WHAT NEEDS TO BE DONE => Omit the pictures while printing every entry below exactly as given.

RECORDS FOR PROCESSING =>
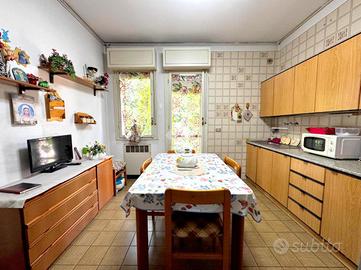 L'ingresso conduce a una cucina abitabile con accesso a un comodo balcone. Il soggiorno, anch'esso luminoso, affaccia su un balconcino che amplia ulteriormente la zona giorno. Il bagno è finestrato e dispone sia di vasca che di doccia. La zona notte comprende una camera matrimoniale con balcone privato, una camera singola ben proporzionata e un pratico ripostiglio utile come spazio di servizio.
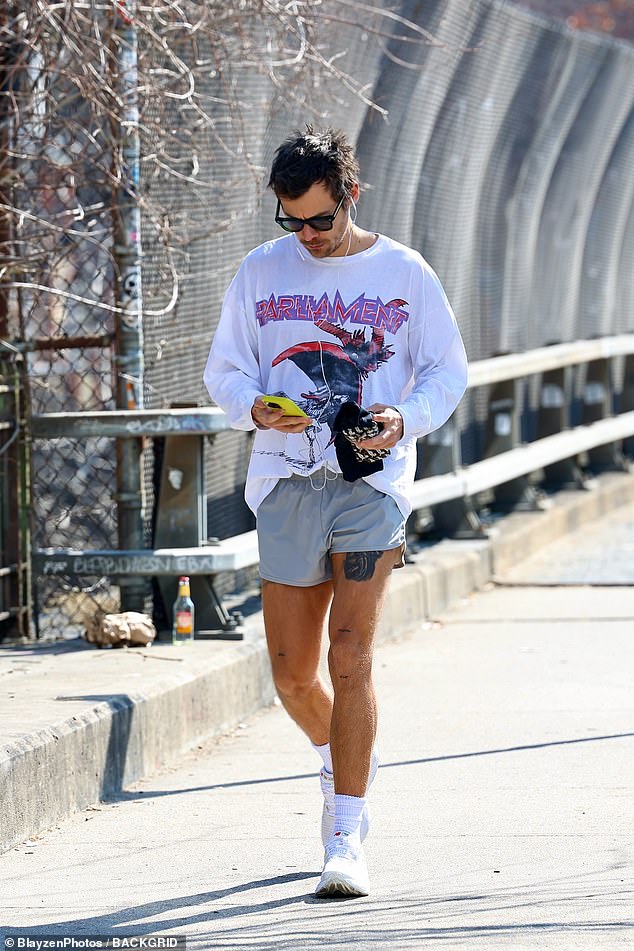 Harry Styles flashed his leg tattoos while enjoying an early morning run in New York on Wednesday as he took a break from promoting his new album
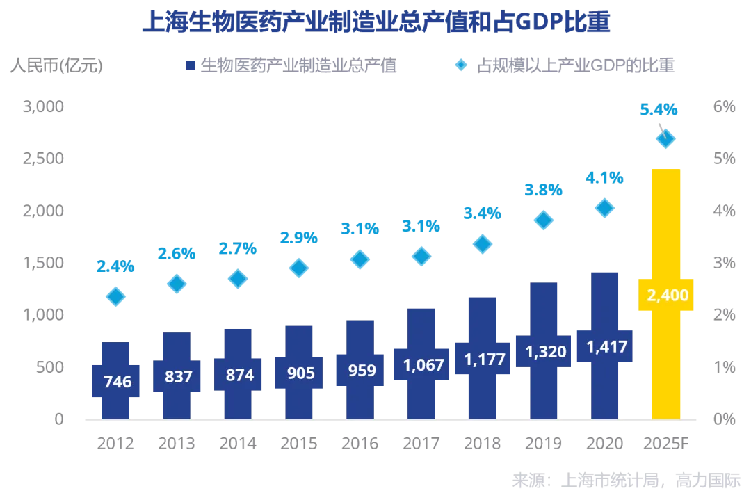 生物医药产业是上海市九大战略性新兴产业之一,也是上海重点发展的三大先导产业之一。2018-2020年,上海生物医药产业制造业的生产总值保持着10%的复合增速、占GDP比重持续攀升;上海市“十四五”也明确了生物医药产业制造业产值至2025年达到人民币2,400亿的近期发展目标,前景十分广阔。
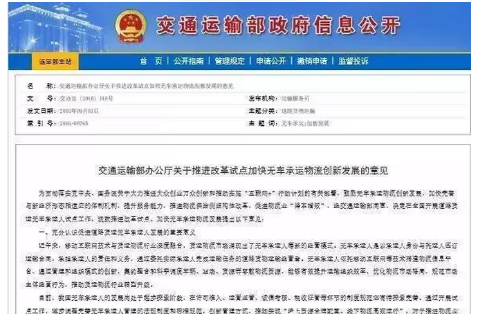 近日,交通运输部办公厅发布《关于推进改革试点加快无车承运物流创新发展的意见》。
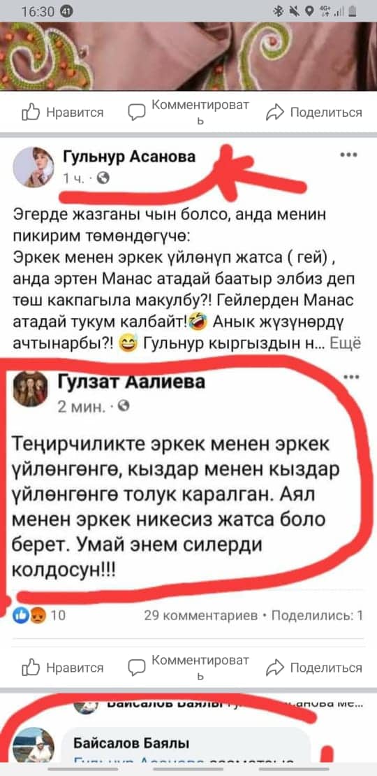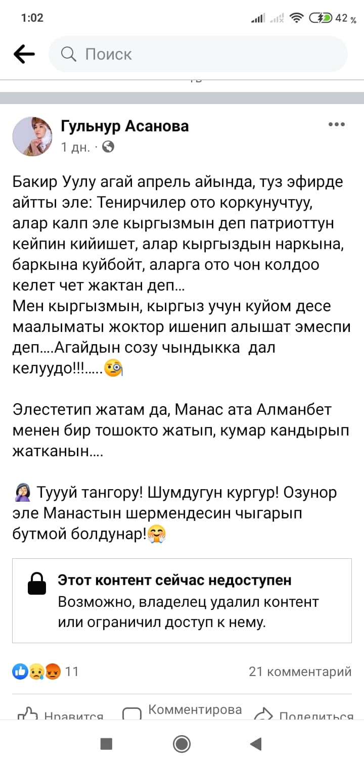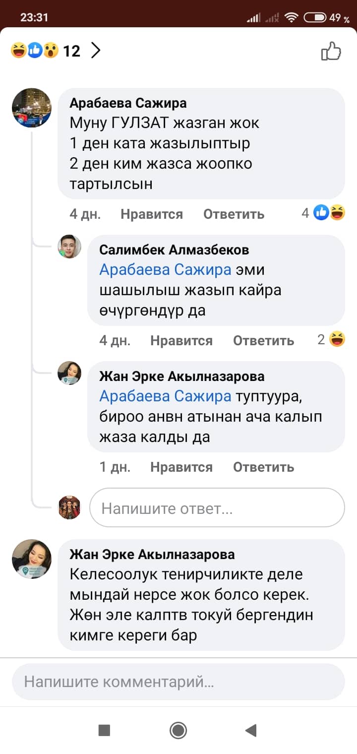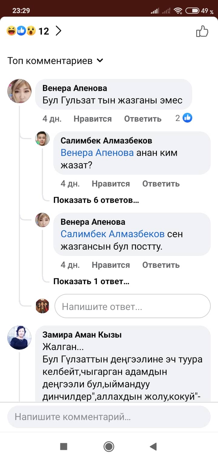 Белгилей кетсек, скриншоттордон көрүнүп тургандай, Манас таануучу Гүлзат Аалиеваны каралоо максатында Гүлнур Асанова чындыкка дал келбеген фейк маалыматты соцтармакка уу-дуу кыла таратканын коомчулук салттуу ислам дининин этикасы менен кыргыздын сакралдуу (ыйык, касиеттүү) дүйнөсүнө болгон тарыхый жана кылмыштуу кол салуу катары баалап, өтө кыжырдануу менен кабыл алууда.
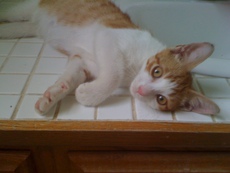 Hazel is a young orange and white female kitty. She showed up at a feral cat colony during feeding time with a tight, tattered pink collar. Obviously and unfortunately, she had been someone's pet who was tossed away. Hazel is super sweet with a loud purr. She loves to be held and is very calm and gentle. Residing in a great foster home, she is exposed to other cats, dogs and kids.
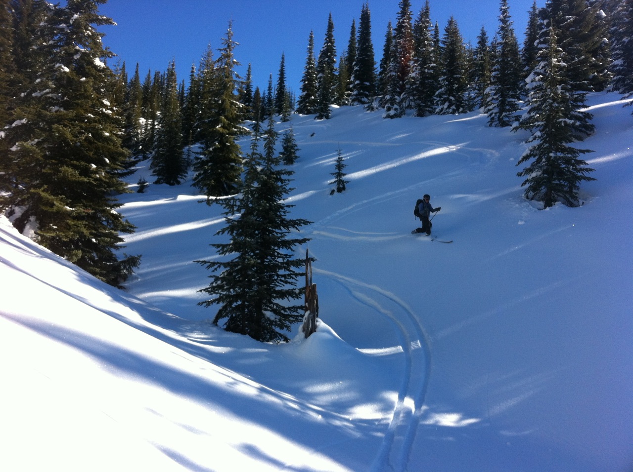 We had such a good time, the only logical thing to do was do it again, so early Sunday morning we headed back up to Lolo Pass proper and skinned as far away from the snowmobiles as possible. We missed Gwen’s boyfriend Ross joining in the fun, but we made sure to get in some extra laps for him.
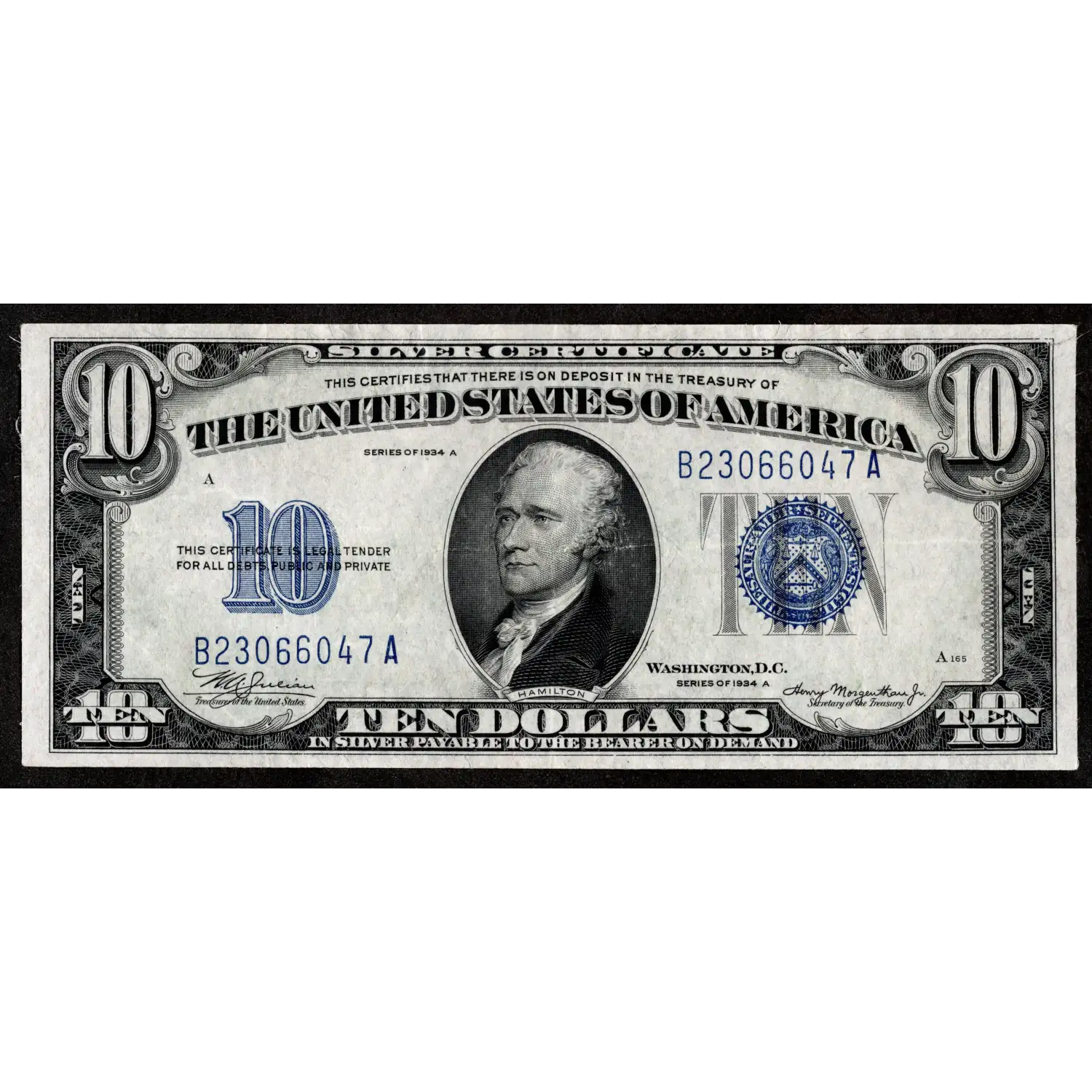 A sharp and attractive example of the 1934-A $10 Silver Certificate, this Fr. 1702 offers far better visual appeal than its technical grade suggests. The paper is bright, the overprints bold, and the overall presentation is clean and well-balanced—an excellent GREAT LOOKING note.
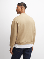 Stay warm and stylish with our natural ribbed cardigan. Made from cozy fleece, this cardi is perfect for chilly days. It features a classic ribbed design with a v-neck and brown buttons. Keep cozy and cool in this wardrobe essential.
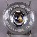 SAINT-LOUIS. Presse-papier sulfure en deux demi-sphères abritant un globe terrestre miniature et entourage gravé des signes du zodiaque. Numéroté 90/125. Haut. : 8,5 cm. Écrin, contre boîte et certificat.

THE COMPLETED TASK =>
 L'ingresso conduce a una cucina abitabile con accesso a un comodo balcone. Il soggiorno, anch'esso luminoso, affaccia su un balconcino che amplia ulteriormente la zona giorno. Il bagno è finestrato e dispone sia di vasca che di doccia. La zona notte comprende una camera matrimoniale con balcone privato, una camera singola ben proporzionata e un pratico ripostiglio utile come spazio di servizio.
 Harry Styles flashed his leg tattoos while enjoying an early morning run in New York on Wednesday as he took a break from promoting his new album
 生物医药产业是上海市九大战略性新兴产业之一,也是上海重点发展的三大先导产业之一。2018-2020年,上海生物医药产业制造业的生产总值保持着10%的复合增速、占GDP比重持续攀升;上海市“十四五”也明确了生物医药产业制造业产值至2025年达到人民币2,400亿的近期发展目标,前景十分广阔。
 近日,交通运输部办公厅发布《关于推进改革试点加快无车承运物流创新发展的意见》。
 Белгилей кетсек, скриншоттордон көрүнүп тургандай, Манас таануучу Гүлзат Аалиеваны каралоо максатында Гүлнур Асанова чындыкка дал келбеген фейк маалыматты соцтармакка уу-дуу кыла таратканын коомчулук салттуу ислам дининин этикасы менен кыргыздын сакралдуу (ыйык, касиеттүү) дүйнөсүнө болгон тарыхый жана кылмыштуу кол салуу катары баалап, өтө кыжырдануу менен кабыл алууда.
 Hazel is a young orange and white female kitty. She showed up at a feral cat colony during feeding time with a tight, tattered pink collar. Obviously and unfortunately, she had been someone's pet who was tossed away. Hazel is super sweet with a loud purr. She loves to be held and is very calm and gentle. Residing in a great foster home, she is exposed to other cats, dogs and kids.
 We had such a good time, the only logical thing to do was do it again, so early Sunday morning we headed back up to Lolo Pass proper and skinned as far away from the snowmobiles as possible. We missed Gwen’s boyfriend Ross joining in the fun, but we made sure to get in some extra laps for him.
 A sharp and attractive example of the 1934-A $10 Silver Certificate, this Fr. 1702 offers far better visual appeal than its technical grade suggests. The paper is bright, the overprints bold, and the overall presentation is clean and well-balanced—an excellent GREAT LOOKING note.
 Stay warm and stylish with our natural ribbed cardigan. Made from cozy fleece, this cardi is perfect for chilly days. It features a classic ribbed design with a v-neck and brown buttons. Keep cozy and cool in this wardrobe essential.
 SAINT-LOUIS. Presse-papier sulfure en deux demi-sphères abritant un globe terrestre miniature et entourage gravé des signes du zodiaque. Numéroté 90/125. Haut. : 8,5 cm. Écrin, contre boîte et certificat.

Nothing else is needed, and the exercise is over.